- **Problem statement**
Unless a line falls after the one with "S vakuovým úložným", retype it exactly from the records below; leave out all pictures.

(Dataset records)
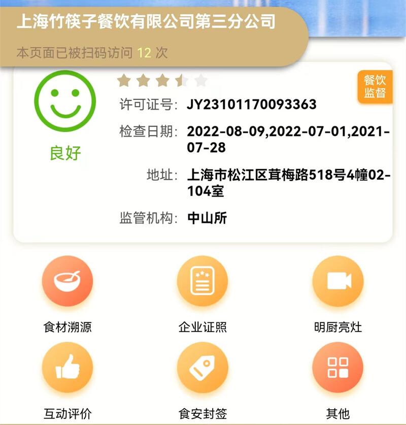 在竹筷子茸城小菜茸北店,每一份打包好的外賣都扎上了食安封簽,送到消費者手中后,掃描食安封簽一頭的“食安碼”,可以看到飯店的“臉譜”(餐飲服務單位食品安全動態評定等級,綠色“笑臉”為良好)信息,還可以發表評論,點贊或吐槽。
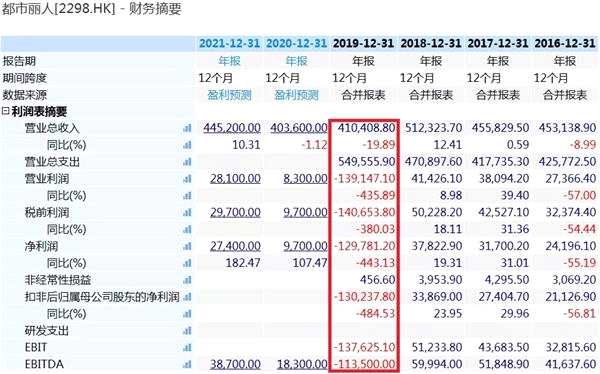 直到2019年,積壓的所有隱患終于讓都市麗人業(yè)績(jī)爆雷,當(dāng)期營(yíng)收規(guī)模降至40.82億元,凈利潤(rùn)則虧損近12.98億元。
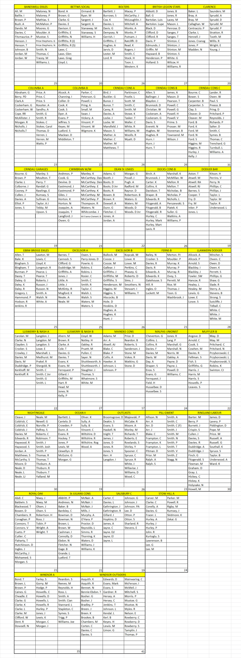 Players Registered
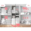 S vakuovým úložným boxem Compactor Life získáte až o 75% více úložného prostoru a zároveň dokonale ochráníte obsah před vnějšími škodlivými vlivy. Uložený textil se po odsátí vzduchu smrští na minimum, aniž by došlo k jeho poškození. Vnitřní vak je vyroben z vysoce kvalitního polymeru s tvarovou pamětí, který nenarušuje vlákna. Proto je oblečení po dekompresi připraveno k okamžitému použití ve svém původním stavu. Vakuový pytel je k vnějšímu boxu připevněn patentovaným systémem pro dokonalou funkčnost a je opakovaně použitelný (více než 100 x).
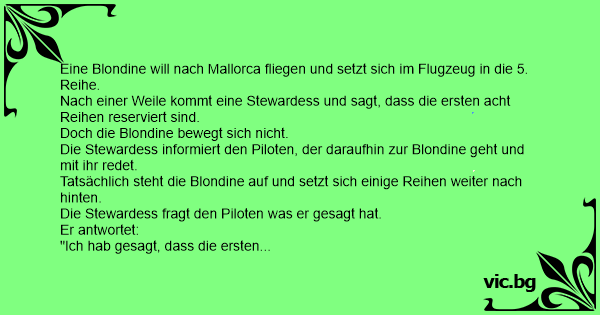 Eine Blondine will nach Mallorca fliegen und setzt sich im Flugzeug in die 5. Reihe.
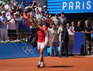 7月29日,纳达尔在赛后向观众致意。新华社记者 万象 摄
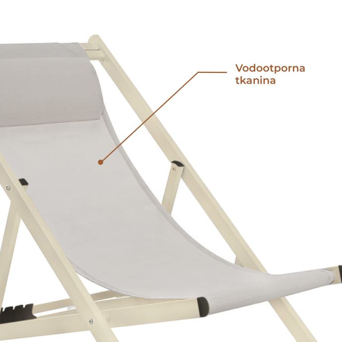 Ležaljka je presvučena textilene materijalom – izuzetno izdržljivom mrežastom tkaninom otpornom na vlagu, UV zrake i habanje. Ugodna je na dodir, brzo se suši i pruža optimalnu prozračnost, što je čini idealnim izborom za vanjske prostore. Podesivi naslon omogućuje različite položaje sjedenja, pružajući dodatnu udobnost tijekom korištenja. Uz ležaljku dolazi i uklonjivi jastuk, koji pruža dodatnu potporu i udobnost, a lako se skida prema potrebi.
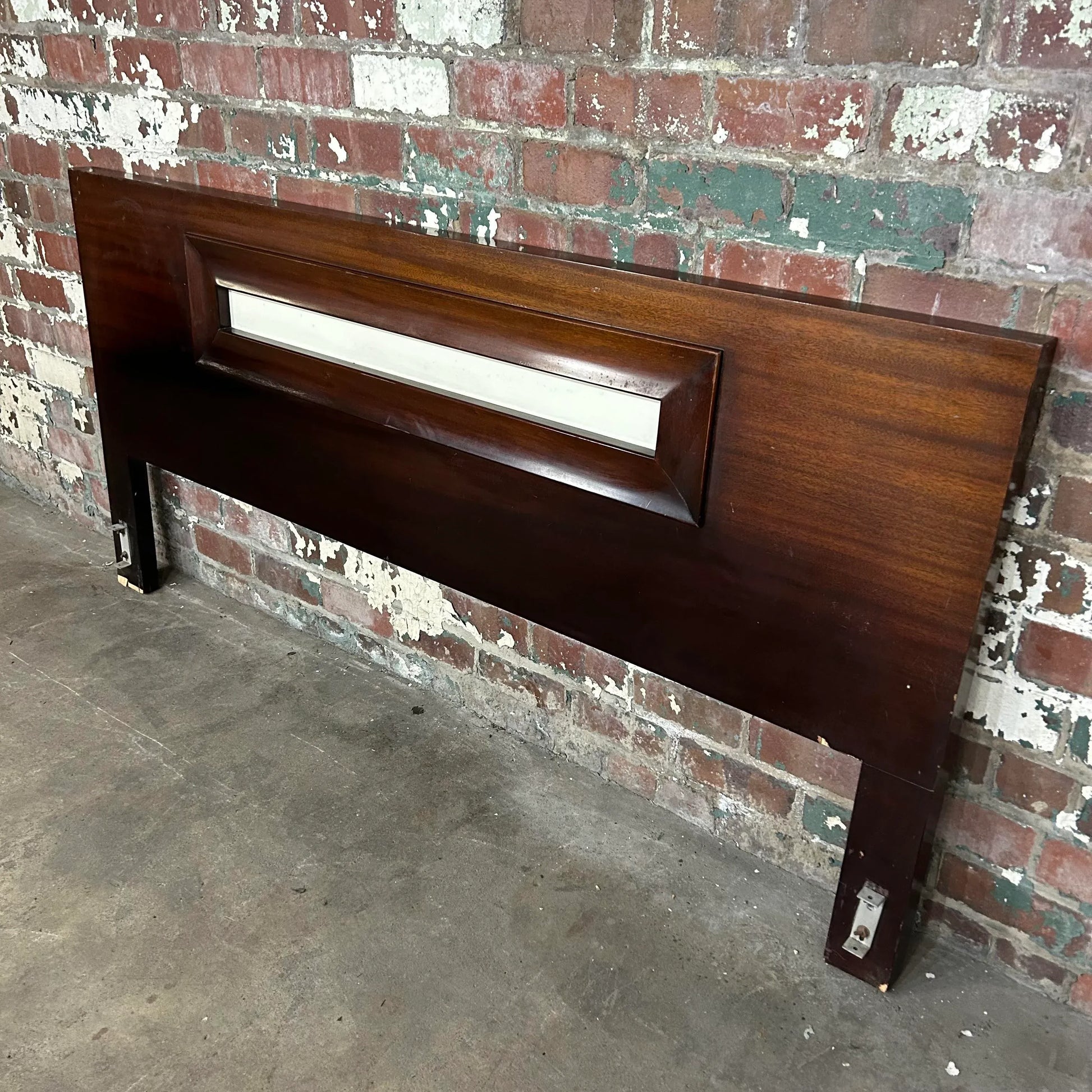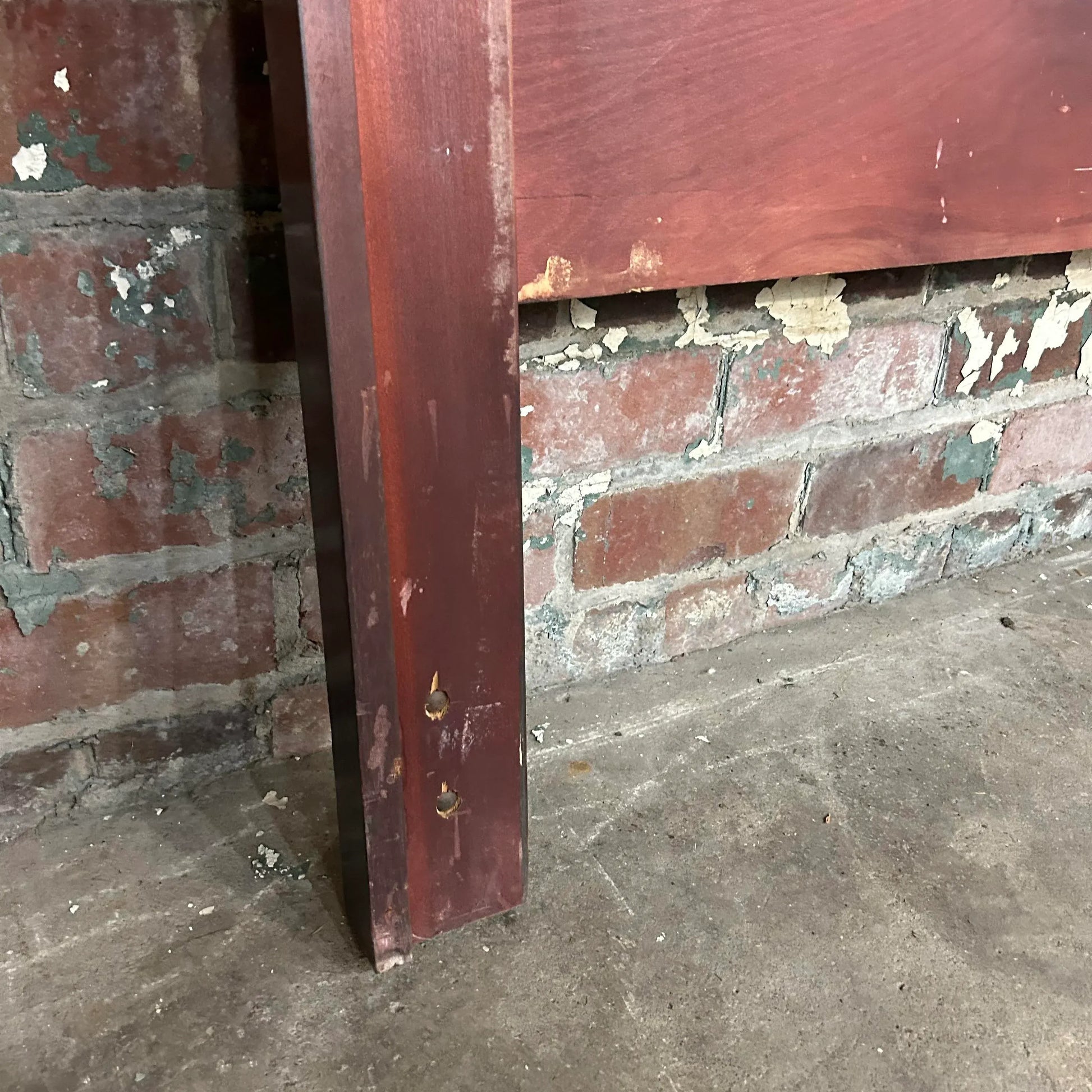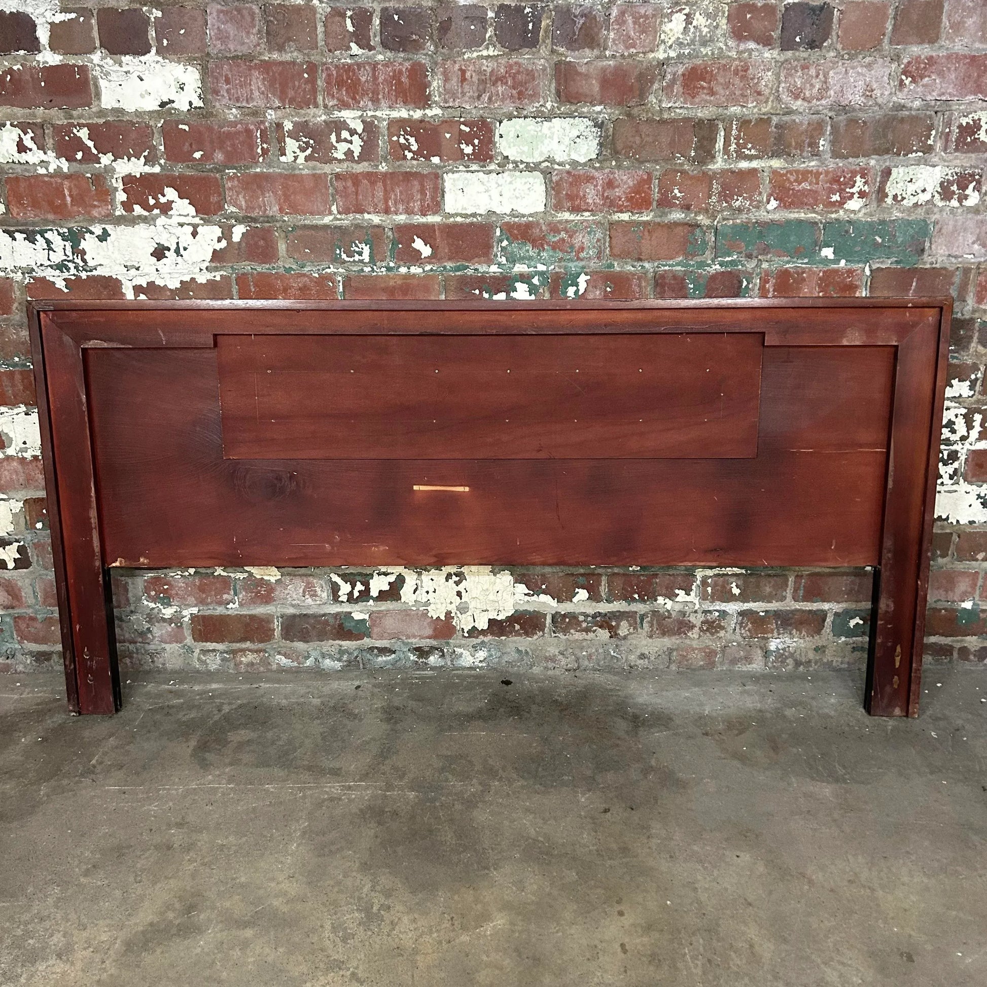 This king sized headboard is minimalistic in shape but stunning in design. It is crafted of mahogany and has the wood’s classic red tone and straight grain. This piece features a cutout design in the center
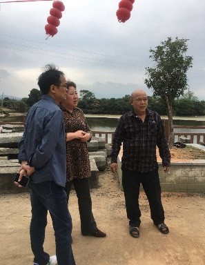 随后,王亚欣教授一行与村干部及理事会成员前往祠堂前广场、风水池等进行实地考察。
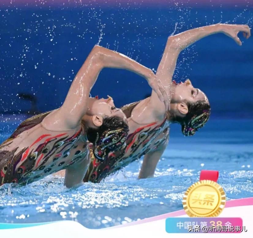 花样游泳女子双人自由自选比赛中,中国的双胞胎姐妹王柳懿与王芊懿组合以总分566.4783排名第一,获得中国队的第38枚金牌。
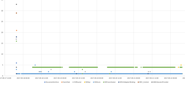 I wrote a quick little Powershell script which loops through the nodes and will retrieve the notes, warning and error events from the logs and will then dump them out to the console. I redirect that output to a html file and then I can copy the data in to Excel and filter and sort as I see fit – even create scatter graphs to look for correlation.

- **Output of the task**
 在竹筷子茸城小菜茸北店,每一份打包好的外賣都扎上了食安封簽,送到消費者手中后,掃描食安封簽一頭的“食安碼”,可以看到飯店的“臉譜”(餐飲服務單位食品安全動態評定等級,綠色“笑臉”為良好)信息,還可以發表評論,點贊或吐槽。
 直到2019年,積壓的所有隱患終于讓都市麗人業(yè)績(jī)爆雷,當(dāng)期營(yíng)收規(guī)模降至40.82億元,凈利潤(rùn)則虧損近12.98億元。
 Players Registered
 S vakuovým úložným boxem Compactor Life získáte až o 75% více úložného prostoru a zároveň dokonale ochráníte obsah před vnějšími škodlivými vlivy. Uložený textil se po odsátí vzduchu smrští na minimum, aniž by došlo k jeho poškození. Vnitřní vak je vyroben z vysoce kvalitního polymeru s tvarovou pamětí, který nenarušuje vlákna. Proto je oblečení po dekompresi připraveno k okamžitému použití ve svém původním stavu. Vakuový pytel je k vnějšímu boxu připevněn patentovaným systémem pro dokonalou funkčnost a je opakovaně použitelný (více než 100 x).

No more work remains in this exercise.